Summary: [Doc] Document VM behaviour when a node crash or die
Product: Container Native Virtualization (CNV) Reporter: Jean-Francois Saucier <jsaucier>
Component: DocumentationAssignee: Pan Ousley <pousley>
Status: CLOSED CURRENTRELEASE QA Contact: Israel Pinto <ipinto>
Severity: high Docs Contact:
Priority: high    
Version: 2.5.0CC: abeekhof, cnv-qe-bugs, ctomasko, danken, fdeutsch, ipinto, jcoscia, jwang, oramraz, pousley, ycui, zhengwan
Target Milestone: ---   
Target Release: 2.5.0   
Hardware: Unspecified   
OS: Unspecified   
Whiteboard:
Fixed In Version: Doc Type: If docs needed, set a value
Doc Text:
Story Points: ---
Clone Of: Environment:
Last Closed: 2020-11-19 14:53:30 UTC Type: Bug
Regression: --- Mount Type: ---
Documentation: --- CRM:
Verified Versions: Category: ---
oVirt Team: --- RHEL 7.3 requirements from Atomic Host:
Cloudforms Team: --- Target Upstream Version:
Embargoed:

Description Jean-Francois Saucier 2020-10-08 12:58:03 UTC
We are currently documenting in our documentation on how to enable live migration for a VM and how to handle normal node maintenance operation.

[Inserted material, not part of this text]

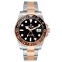 Lünette: 18K-Roségold bidirektionale drehbare schwarze und braune "Root Beer" Cerachrom-Keramiklünette. Graviert mit einer 24-Stunden-GMT-Skala.
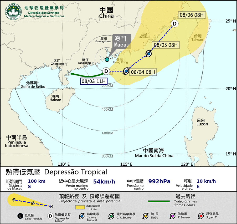 The tropical depression south of the Pearl River Estuary continues to strengthen and is taking a faster and more northerly path than expected. It will come closest to Macau during the day today, passing within 100 km of Macau, and therefore the probability of issuing the Tropical Cyclone Warning Signal No.3 was changed from “relatively low to medium” to “medium”. It is expected that there will be heavy showers during the day in Macau, and the wind will strengthen and there will be gusts. Although the circulation of the tropical depression is relatively small, its path is close to the Pearl River Estuary and it is continuously strengthening. Therefore, SMG may consider issuing Tropical Cyclone Warning Signal No.3 this afternoon depending on the situation. The public are advised to pay close attention to the change in weather and the latest storm news.

However, it seems we lack information on what happen (or should happen) when a node in the cluster crash and go out completely without warning. What should happen to VM when the node goes out? Should they restart and in what delay?

Also, is there any restriction for the VM availability (based on storage, etc).

Comment 4 ctomasko 2020-10-12 14:38:41 UTC
This is a documentation bug, only. Known issue: When a node is restarted in UPI baremetal, the VM does not automatically restart on another node. Auto restart is supported in IPI only. See related jira CNV-7548

Comment 5 Pan Ousley 2020-10-12 20:46:57 UTC
Hi Jean-Francois, thanks for bringing this to our attention. I own the similar Jira story CNV-7443, where this work is being tracked, so I have chowned this bug as well. In that story, I am documenting how a user can manually ensure that the VMI fails over when a node fails and MHC is not enabled.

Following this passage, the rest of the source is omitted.